Register a passkey in Entra from an IDM process

• To set up a user and an application in Entra, check the Microsoft Entra documentation, for example inhttps://learn.microsoft.com/en-us/entra/identity/authentication/how-to-enable-passkey-fido2.

• To initialize and manage your Fido token, please refer to the documentation of the vendor.

The diagram below shows Entra Fido provisioning with Hermod.

Demo process

The example process "Entra ID - Hermod Create Fido Passkey" (EntraFidoProvisioningWithHermod.bpmn) in the default.zip illustrates how passkey provisioning is working and how the new service tasks are interacting. It is using a Parallel Gateway.

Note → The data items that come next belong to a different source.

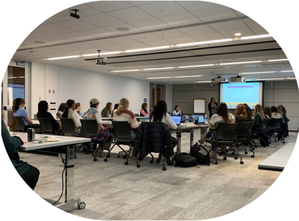
Girl Scouts hear from PepsiCo staff about how STEM plays a key role in the development and production of PepsiCo products.

For the 2023-2024 school year, 16 Senior and Ambassador Girl Scouts participated in the Million Women Mentor Program.
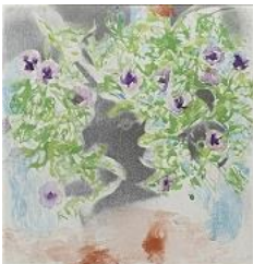
Painting (12.22.10) 2010 Mixed media on canvas 22 1/4 x 22 3/4 in. (56.5 x 57.8 cm)
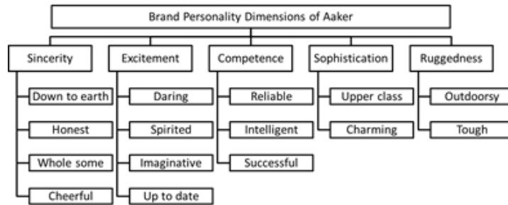
Fig. 1. The personality dimensions which constitute a brand's personality [7, 16].

most commonly associated with a brand. These five personality dimensions [7], [16] viz. Sincerity, Excitement, Competence, Sophistication and Ruggedness can be understood by fifteen distinct dimensions (Fig. 1).
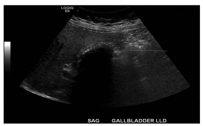
Figure 2: Abdominal ultrasound showing persistence of biliary sludge

ALT: Alanine transferase, AST: Aspartate transferase
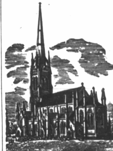
St. James' Cathedral, King St., Toronto, contains 500,000 cubic feet of space and is successfully eated with four of our Economy Heaters.

Make sure the "Hermod: Fido Create Credential" task has the Async option checked.

The plugout URL form is used to trigger communication with Smart ID Desktop App on the client.
The parallel service task requests the actual creation of the credential from Smart ID Desktop App and runs in the background while the form is shown to the user.
Both parallel executions come together and proceed when creation is ready and the user clicks next on the form.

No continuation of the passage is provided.